For programming languages, a little searching shows that Ada 95 (pragma Pure), High Performance Fortran (1993) (PURE) and VHDL-93 (pure) all contain formal notions of 'pure functions'.
Haskell (1990) is fairly obvious, but purity isn't explicit. GCC's C has various function attributes for various differing levels of 'pure'.
A couple of books: Rationale for the C programming language (1990) uses the term, as does Programming Languages and their Definitions (1984). However, both apparently only use it once! Programming the IBM Personal Computer, Pascal (also 1984) uses the term, but it isn't clear from Google's restricted view whether or not the Pascal compiler had support for it. (I suspect not.)
An interesting note is that Green, the predecessor to Ada, actually had a fairly strict 'function' definition - even memory allocation was disallowed. However, this was dropped before it became Ada, where functions can have side-effects (I/O or global variables), but can't modify their arguments.
C28-6571-3 (the first PL/I reference manual, written before the compiler) shows that PL/I had support for pure functions, in the form of the REDUCIBLE (= pure) attribute, as far back as 1966 - when the compiler was first released. (This also answers your third question.)
This last document specifically notes that it includes REDUCIBLE as a new change since document C28-6571-2. So REDUCIBLE, which is possibly the first incarnation of formal pure functions in programming languages, appeared somewhere between January and July 1966.
Update: The earliest instance of "pure function" on Google Groups in this sense is from 1988, which easily postdates the book references.

A couple of myths:
The term "pure functional" doesn't come from mathematics, where all functions are by nature "pure" and, so, there was never any need to call anything a "pure function".
The term doesn't come from imperative programming. The early imperative programming languages, Fortran, Algol 60, Pascal etc., always had two kinds of abstractions: "functions" that produced results based on their inputs and "procedures" which took some inputs and did an action. It was considered good programming practice for "functions" not to have side effects. There was no need for them to have side effects because one could always use procedures instead.
So, where else could the term "pure functional" have come from? The answer is - sort of- obvious. It came from impure functional programming languages, the foremost among them being Lisp. Lisp was designed sometime between 1958 and 1960 (between the first and second reports of Algol 60, whose design McCarthy was involved in, but didn't feel satisfied with). Lisp's design was based fundamentally on functional programming. However, it also allowed side-effects as a pragmatic choice. It did not have a notion of a command or a procedure. So, in Lisp, one mostly wrote "pure functions", but occasionally, one wrote "impure functions," i.e., functions with side-effects, to get something done. The terms "pure Lisp" or "purely functional subset of Lisp" have been in use for a long time. Slowly, by osmosis, this idea of "purity" has come to invade all our space.
The imperative programming languages could have resisted the trend. But, once C decided to abolish the idea of "procedures" and call them "void functions" instead, they didn't have much of a leg to stand on.
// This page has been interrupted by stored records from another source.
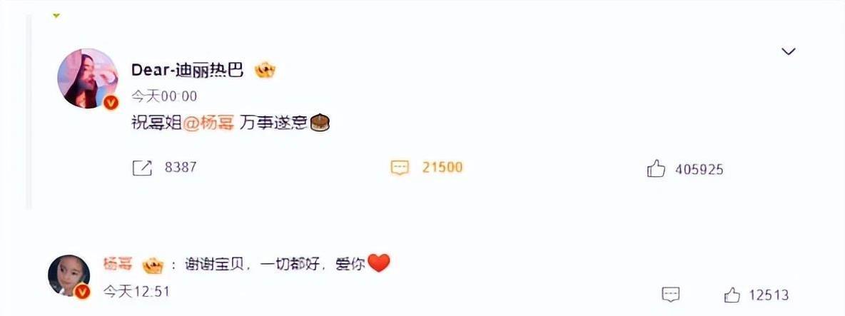 杨幂39岁生日当天,社交平台热闹得像过年!零点刚过,迪丽热巴就迫不及待发文祝福:“祝幂姐万事遂意!”这句简单的话,藏着满满的姐妹情。杨幂秒回:“谢谢宝贝翻翻策略,一切都好,爱你。”这互动甜得让人想磕糖,谁说娱乐圈只有塑料姐妹花?
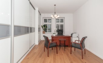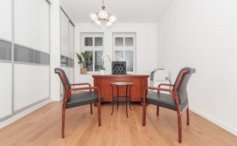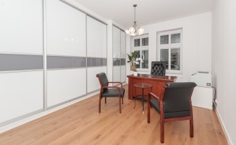 Wnętrze mieszkania wyróżnia się wysoką jakością wykończenia – w pokoju z aneksem znajduje się deska barlinecka, a w łazience i przedpokoju gresowe płytki. W pokoju znajduje się przestronna szafa w zabudowie firmy Komandor. Okna wychodzą na ulicę Pomorską i są zabezpieczone roletami antywłamaniowymi, a parapety wykonane są z konglomeratu.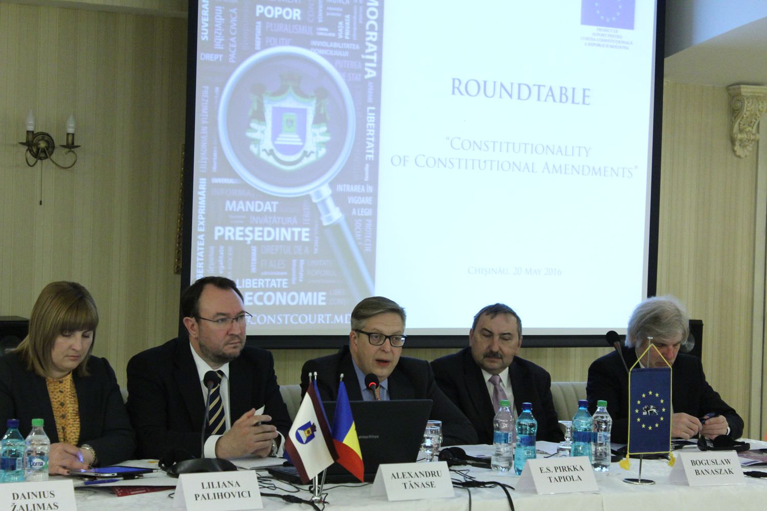 2016 Judecători constituționali din UE au discutat competența curților constituționale de verificare a modificărilor ConstituţieiLa 20 mai 2016, constituționaliști de valoare din UE și Moldova au discutat aspectele teoretice și practice privind verificarea de către Curțile Constituționale a revizuirilor Constituției. La eveniment au fost prezenți circa 100 invitați. La deschiderea lucrărilor mesei rotunde cu genericul ”Constituționalitatea amendamentelor constituționale”, au prezentat mesaje de salut Președintele CCM dl Alexandru Tănase, dna Liliana Palihovici, Vicepreședintele Parlamentului, E.S. Pirkka Tapiola, Șeful Delegației UE în Moldova și Prof. Dr. Boguslaw Banaszak din partea Comisiei de la Veneția a Consiliului Europei. La eveniment a fost prezentată experiența Curților Constituționale din Europa privind aspectele ce țin de forța juridică a Constituției, ca lege fundamentală care stabilește principiile pe baza cărora se organizează statul și societatea, precum și limitele de revizuire a acesteia. Cu aceste mesaje în Moldova au venit judecători ai Curților Constituționale din Austria, Bulgaria, Georgia și Lituania, precum și renumitul expert în drept constituțional din Germania - Prof. Dr. Rainer Arnold. Din Moldova, la eveniment au fost prezenți invitați din partea Parlamentului, CSM, Ministerului Justiției, Avocatului Poporului, Procuraturii Generale, Uniunii Avocaților, mediului academic și societății civile. În discursul său, Președintele CCM dl Alexandru Tănase a prezentat căile de revizuire a Constituției – pe cale parlamentară și referendară – precum și competența Curții Constituționale de a se pronunța asupra acestor revizuiri. Dl Alexandru Tănase a subliniat limitele de revizuire a Constituției cuprinse în cadrul legal, dar și cele trasate pe cale jurisprudențială. La fel, Președintele CCM a făcut referire la efectele Hotărârii CCM nr. 7 din 4 martie 2016 și la experiența anilor ce au urmat reformei din 2000 când s-a schimbat modalitatea de alegere a Președintelui RM, perioadă în care Republica Moldova a avut parte de un deceniu și jumătate de instabilitate instituțională și politică. În continuarea programului, dl Dainius Zalimas, Președinte al CC Lituania a prezentat experiența din țara sa privind aplicarea controlului de constituționalitate a amendamentelor constituționale. În viziunea sa, la aplicarea controlului de constituționalitate a amendamentelor constituționale urmează a fi luat în considerare faptul că Constituția este un act integral, care nu poate să conțină lacune. Judecătorul CC din Austria, Dr. Johannes Schnizer a prezentat în discursul său un set de reflecții asupra activității unei curți constituționale. Astfel acesta a declarat că deciziile CC trebuie să fie respectate de către societate și toate autoritățile publice. Judecătorul CC din Bulgaria, Dr. Mariana Todorova Karagiozova-Finkova a prezentat cauzele de referință din jurisprudența constituțională bulgară în ceea ce privește aplicarea controlului de constituționalitate a legilor. Prof.Dr. Rainer Arnold de la Universitatea din Regensburg din Germania a făcut referință la caracterul evolutiv al Constituției și necesitatea abordării în acest aspect a limitelor curente de revizuire a Legii Supreme. Sub acest aspect , în viziunea sa dinamismul judiciar este indispensabil și este cel mai bine garantat de o justiție constituțională eficientă. Președintele CC din Georgia, dl Papuashvilli a transmis un mesaj prin care a salutat oportunitatea organizării evenimentului și a subliniat importanța și actualitatea genericului mesei rotunde. Experiența Cehiei a fost redată de Dr. Jan Kudrna de la Universitatea Charles din Praga (Republica Cehă). Acesta a venit cu un mesaj în susținerea preeminenței dreptului – orice modificare a Constituției care ar încălca acest principiu este inadmisibilă. Membrul Comisiei de la Veneția a Consiliului Europei, Prof. Dr. Boguslaw Banaszak în prezentarea sa a argumentat necesitatea verificării modificărilor Constituției. În viziunea sa, doctrina constituțională recunoaște importanța verificării de către Curtea Constituțională a modificărilor Constituției. În acest sens, reprezentatul Comisiei de la Veneția a evocat faptul că democrația are nevoie de proceduri, așa cum în sine democrația este doar o cale, o metodă de funcționare a societății. La finele programului mesei rotunde, Prof. Dr. Toma Birmontiene, expert al Proiectului UE de susținere a CCM și judecător în demisie al CC din Lituania, a prezentat concluziile discursurilor și discuțiilor. În cuvântul său de încheiere a lucrărilor mesei rotunde, Președintele CCM Alexandru Tănase și-a exprimat aprecierea pentru reușita evenimentului, care a permis să fie abordate cele mai importante aspecte ale verificărilor de către curțile constituționale a modificărilor Constituției: experiența altor curți constituționale la acest capitol, statutul și rolul clauzelor de eternitate și importanța respectării principiului supremației Constituției în stat. Evenimentul a avut loc cu sprijinul proiectului UE ”Suport pentru Curtea Constituțională a Republicii Moldova.” Pentru vizualizarea video a lucrărilor mesei rotunde, accesați difuzarea în direct de către Privesc.eu și Realitatea TV. |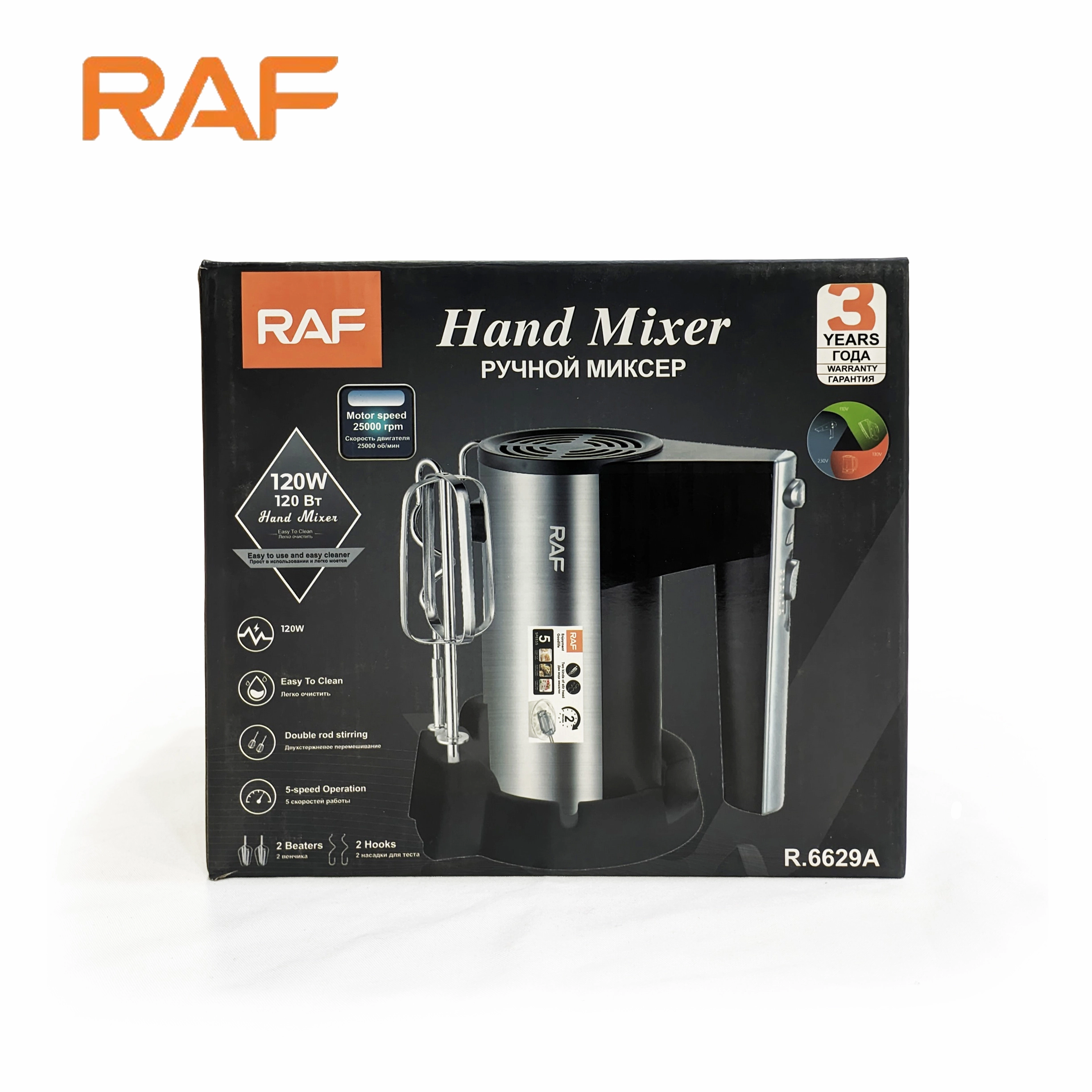 Introducing the RAF Hand Mixer and Egg Beater R.6629A, a powerhouse in your kitchen arsenal. With a robust 120W motor operating at 220V and 50Hz, this appliance is designed for efficiency and precision in your culinary endeavors.

It comes from the mathematical definition of "function", where it is not possible for functions to have side effects.

Why is the word "pure" used to describe functions with those properties?
From Wiktionary > pure # adjective
free of flaws or imperfections; unsullied
free of foreign material or pollutants
free of immoral behavior or qualities; clean
of a branch of science, done for its own sake instead of serving another branch of science.
It should be obvious that the behavior of interacting functions is easiest to reason about when they are influenced only by their inputs, and they themselves influence only their outputs. Therefore it is inevitable that these kinds of functions will be noticed and classified. Now what word could we use to describe a function with such properties? "free of foreign material or pollutants" and "free of immoral behavior or qualities" seem to describe this rather well.
Who first used the word "pure" in that way, and when?
I am much too young to answer this with any degree of confidence. I argue, however, that it was inevitable that the word pure (or some very close synonym) would be used to describe functions that behave in this way.
Are there other words that mean roughly the same thing?
You said it yourself: "referentially transparent". However, you seem to suggest that "referential transparency" encompasses only part of the meaning of the phrase "pure function". I disagree; I feel it is entirely synonymous. From Wikipedia > Referential Transparency:
An expression is said to be referentially transparent if it can be replaced with its value without changing the behavior of a program. (emphasis mine)
The Haskell community sometimes uses the adjective "safe" in a similar manner. (See the Safe library, made to avoid throwing exceptions. Contrast with unsafePerformIO)
I can't think of any other synonyms right now.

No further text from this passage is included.